One theory of the founding of the Rulebreakers that explains their penchant for masks is that they started as an attempt by a party of spell-users to overcome the effects of a Medusa’s Petrifying Gaze, either to more easily defeat her, or to allow her to join their ranks.  As it stands, at least one Medusa is a known member of the Rulebreakers, The Lady of the Kindly Face. 

All Rulebreakers are either Chaotic Good or Chaotic Neutral.  They have spells that ward off all other alignments from joining their ranks.  Most Rulebreakers are Human or Tiefling, although there is the occasional Elf, Halfling, or mixed-race member.  And of course, there is at least one Medusa.  Some Rulebreakers have been known to turn themselves into Vampires or Liches.  How exactly such evil beings relate to the Order’s statutes concerning alignment is not generally known, although the theories are that either such beings get a special dispensation, or that Rulebreakers have figured out how to turn such beings away from being Truly Evil.   

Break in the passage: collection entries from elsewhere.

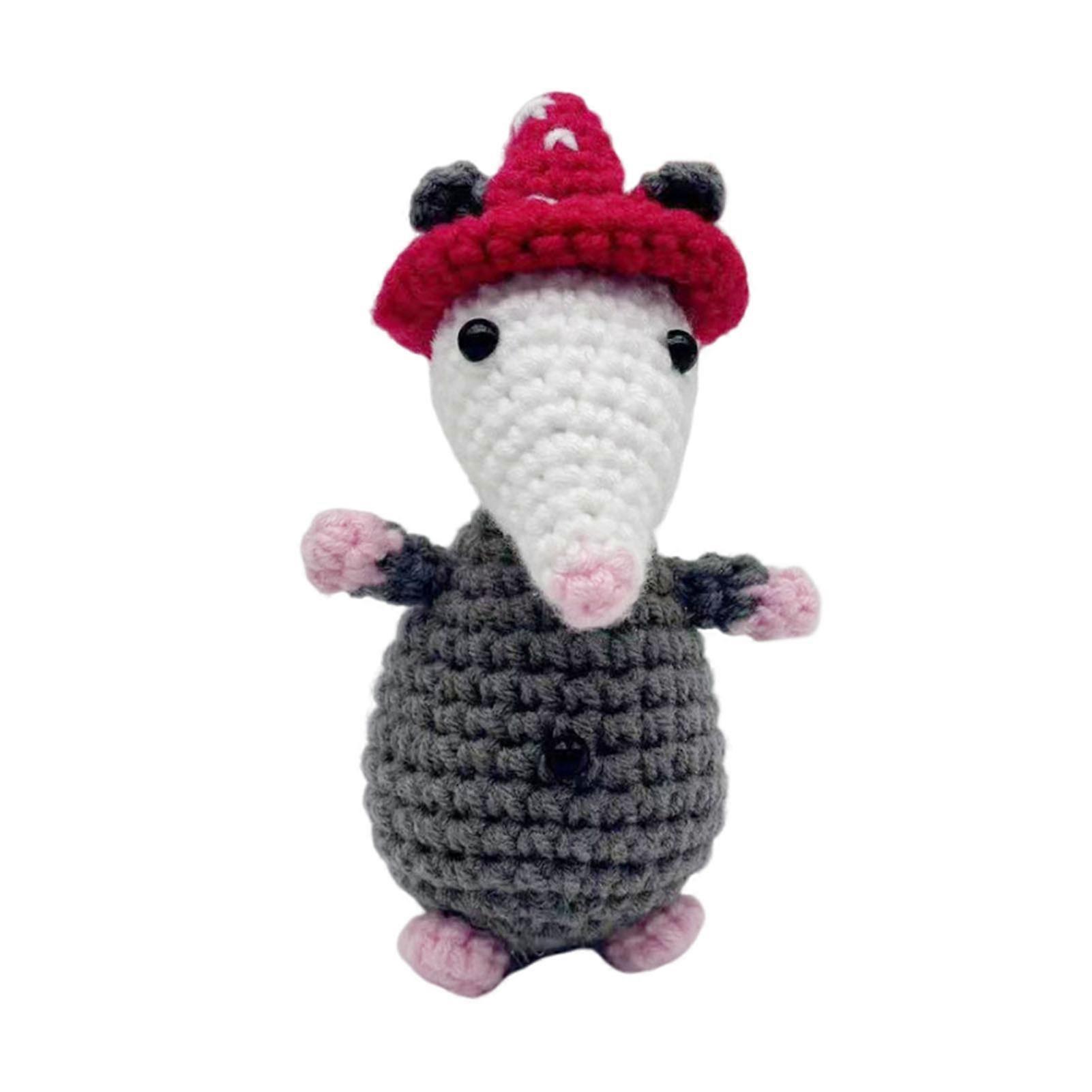 Joyfeel Crochet Possum Decoration Handmade Knitting Red Hat Mouse Home Office Desktop Car Ornament Plush Animal Doll Toy Festival Present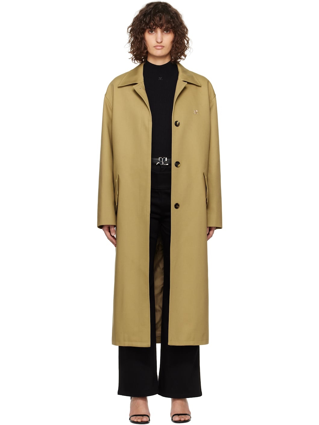 Cotton-blend twill coat. · Spread collar · Concealed button closure · Embroidered logo patch at chest · Flap pockets · Belt loops and buttoned strap at back · Central vent at back hem · Full satin lining Supplier color: Beige Body: 50% cotton, 50% polyester. Lining: 100% viscose. Made in Lithuania 251783F059002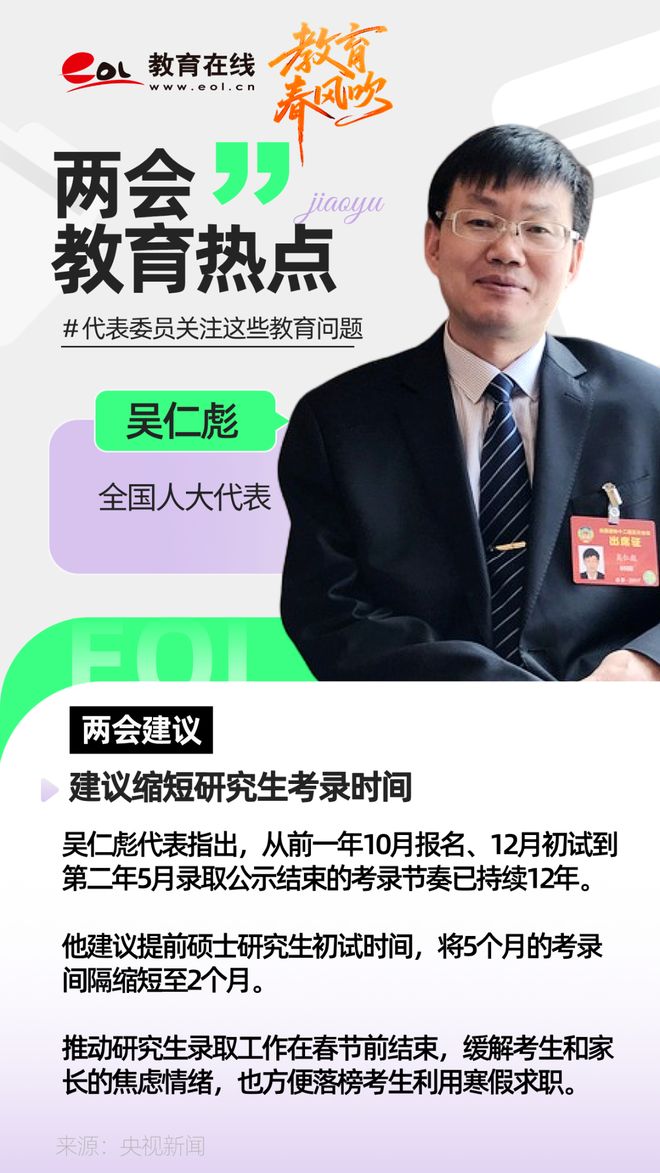 全国人大代表吴仁彪:建议缩短研究生考录时间

Rulebreakers have a fondness for Alices (see A Red and Pleasant Land, pp. 29-33) and the more powerful of the Rulebreakers will often cast themselves as the benefactors of Alices they happen to run into (See Alice: Exasperation Table,p.31 in AR&PL, ROLL11).  They will do this even if the Alice does not belong to their favored alignment, as they think any insight gained from studying Alices as magical events supersedes the dangers of their ideology growing in power.    

Almost all Rulebreakers must be capable of spells of at least the 5th level of some spellcasting class, although junior members are allowed to join after reaching the 3rd level.